In recent months, students and lecturers at British universities have not only recognised the ways in which higher education has been hijacked by an increasingly aggressive neo-liberal ideology, but they have also undertaken industrial action, culminating in fourteen days of strike action across sixty one universities. Academics stood in picket lines in the thousands in response to the imposition of new changes to the pension scheme, which would leave academics £10, 000 /$14, 000 a year worse off in retirement. Amidst the furor generated by the proposed pension cuts, a wider picture has emerged: students and staff are deeply concerned about what one academic has called “the slow death of public education.”3 As academics across the UK wait anxiously to see how much pay will be deducted after their legal participation in strikes up and down the country, news has emerged of the enormous salaries earned by British university senior management. While academic salaries have not risen in line with inflation, vice-chancellors in UK universities have benefited from a 227% increase in financial benefits since 2010. According to one analysis, “in 2010 total vice-chancellors benefits amounted to £633,999/ $900, 000, by 2016 this had increased to £2,071,393/ $2, 900, 000.”4

In recent months, commentators have pointed out the ways in which vice-chancellors’ exorbitant salary and benefits increasingly mirror those of industry fat cats; in fact, many vice chancellors are paid considerably more than the Prime Minister. More worryingly, academics are observing the relentless marketisation of British higher education. As Thomas Doherty, author of the recently published book The New Treason of the Intellectuals argues, “the sector leadership has been utterly and damnably complicit with a governmental ideology that has expressly and dangerously politicised the very principle of education as such, re-designing it to serve and endorse the ideology of market-fundamentalism.”5 As undergraduate tuition fees rise, education becomes increasingly driven by a neo-liberal agenda encouraged by a Conservative government that chirrups about meritocracy even as it ensures that university is prohibitively expensive for students from poor socio-economic backgrounds. “The real logic of this,” Doherty explains, “is that it legitimises a structure in which the University becomes an institution designed to exacerbate social and wealth inequality among individuals. Personal greed—perhaps now ever clearer in the salary hikes of many VCs—becomes the sole motivational force that drives the search for knowledge.”

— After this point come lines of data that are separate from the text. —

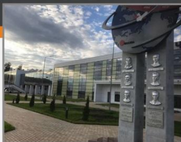
аэродром Чкаловский, г.Щелково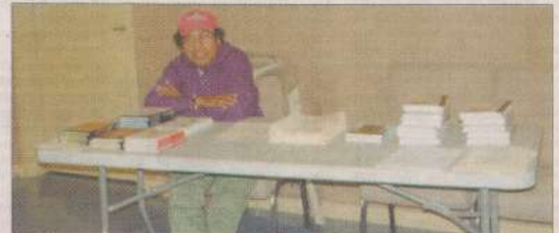
লুব্ধিয়ানা : সাহিত্য ও সাংস্কৃতিক সমাবেশে বই-এর ষ্টল। ছবি-ঠিকানা।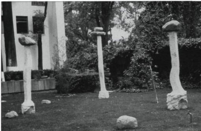
Lourdes Cue, Menhires of the Twentieth Century , 1988. Marble, river, stones. 3,04 x 4,57 x 4,26 m.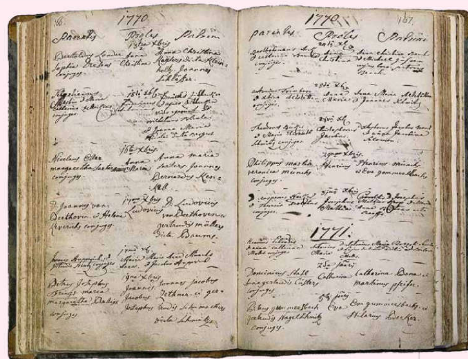
Doopinschrijving van Ludwig van Beethoven, 17 december 1770. Coll. Stadtarchiv Bonn

FamilySearch bevat miljarden digitale afbeeldingen en registers, zowel kerkelijk als burgerlijk. Deze site wordt ondersteund door de mormonen en is volledig gratis te gebruiken. Om alle functies van deze site te kunnen gebruiken, zoals het bekijken van afbeeldingen, moet je wel een account aanmaken. Dit brengt geen verplichtingen met zich mee. Om alle documenten van een bepaald rechtsgebied of bepaalde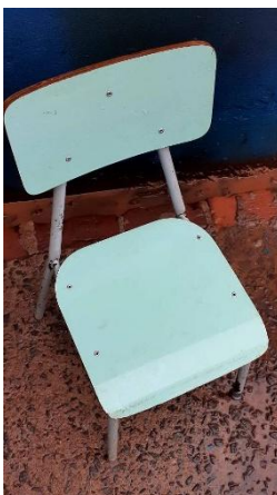
ITEM 8: CADEIRA ESCOLAR INFANTIL NA COR AZUL CLARA ( DE 1 Á 5 ANOS).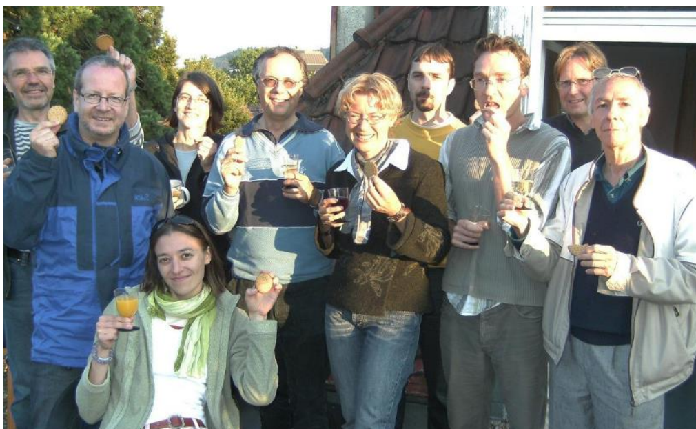
Anstoßen der IFIS-Gründungsmitglieder bei der Gründungsklausur am 20.9.2008

Der Verein wurde am 20. September 2008 von 11 Mitgliedern gegründet und am 25. November 2008 ins Vereinsregister eingetragen.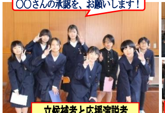
OOさんの承認を、お願いします!

4・5年生から選出されたメンバーによる新児童会役員が決定しました。いずれも立候補した児童です。全校生のためにという心意気が、すばらしいです。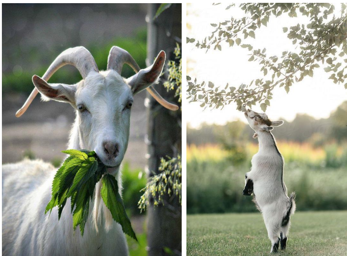
Slika 5. Jarac/jare brsti lišće

kolostrum. Jarad se prvih 45 dana hrani sisajući majčino mlijeko. Hranidba jaradi dijeli se na tri faze: prva faza – hranidba mlijekom, druga faza – hranidba mlijekom i krepkim krmivima (tzv. prijelazno razdoblje) i treća faza – hranidba krepkim krmivima (preživačka faza) (Mioč, 2002.). Hranidba jaradi mlijekom traje od jarenja do odbića koje obično traje pet do šest tjedana ( www.savjetodavna.hr ).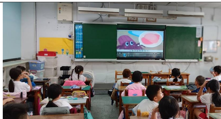
說明：項次 2 成果照片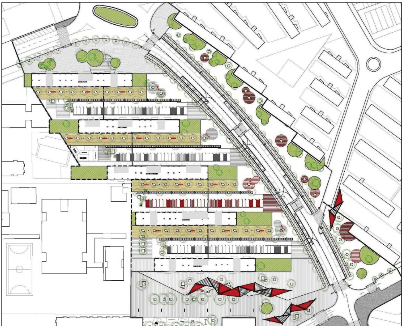
El proyecto abarca el tramo de la avenida del Doctor Fleming entre las avenidas de Gavà y de Lluís Moré del Castillo

una mejor conectividad. El proyecto abarca el tramo de la avenida del Doctor Fleming entre las avenidas de Lluís Moré del Castillo y de Gavà así como los espacios entre los bloques de Can Palmer. Una zona de más de 31.000 metros cuadrados de superficie que se renovará por completo.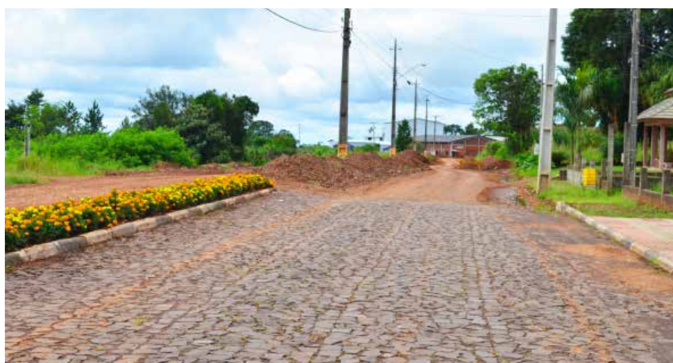
Conclusão da pavimentação da Avenida Brasília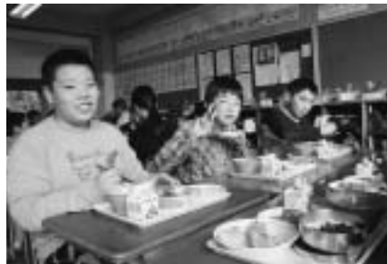
11月11日鮭の日給食会

掲載を遠慮される方は、届け出のときに戸籍係に話してください。 届け出の期間は、出生届が生まれた日を含めて14日以内、死亡届は7日以内です。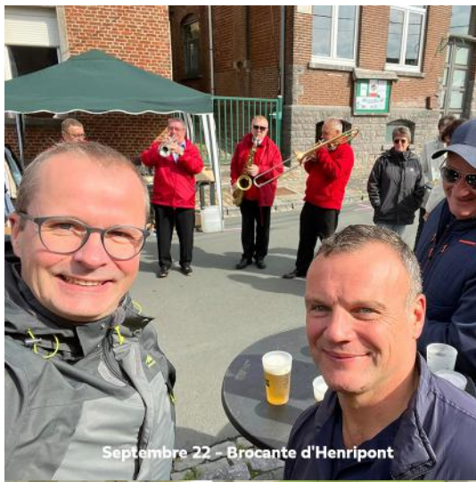
Septembre 22 - Brocante d'Henripont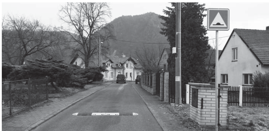
Zpomalovací práh ve Valtířově instalovaný pro zvýšení bezpečnosti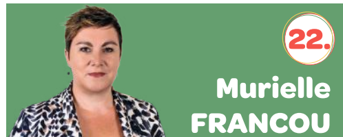
49 ans 📍 Rochefort 📞 0479/81.29.31

25000km parcourus à mes frais pour la visualisation et la résolution des problèmes quotidiens. Mon Combat, "POUR VOUS", avec de nombreux projets en réalisation en 2025, 2026... Accordez-moi votre confiance et votez pour un maximum de candidats.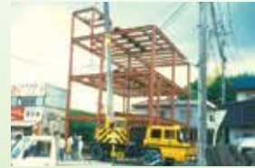
1989年 事務所新築工事の様子

Since the cries of “education, education, education,” successive Conservative governments have striven to commodify university education. In 2010, a Tory cabinet decided to all but remove public funding for university teaching, which would instead be paid for by higher student fees, resulting in the creation of a competitive university market. “The result has been a change in the character and above all the ethos of universities,” Collini observes, a comment echoed by a recent report for the Higher Education Policy Institute, which concludes that the UK government’s “drive towards competition and marketisation” clearly “puts at risk the fundamental purpose of universities to serve the public interest.”6

In April 2018, members of the University and College Union voted 64% to 36% to suspend strikes after the Universities UK—an advocacy organisation for universities in the United Kingdom—agreed to set up a “joint expert panel” to review pensions. As Des Freedman points out, however, the recent industrial action has far-reaching consequences: “The dispute has changed the union: thousands have joined up, moribund branches have revived, and a process of radical political education has taken place.”7 British academics, thousands of whom picketed during the strikes, are angry at the ways that university education has been marketised; how league tables drive educational policies, and how cultural capital has been replaced by the privatisation of knowledge. “Many colleagues have now woken up to the fact that their sector leadership has been complicit in the fundamental betrayal of sound educational principles,” Doherty observes. “While there may eventually be some agreed resolution to the conflict over pensions, I think it is clear that there is an ongoing war over the future of our institutions, one that is a central element in the current menaces that threaten the sustainability of the social fabric, and of the planet.”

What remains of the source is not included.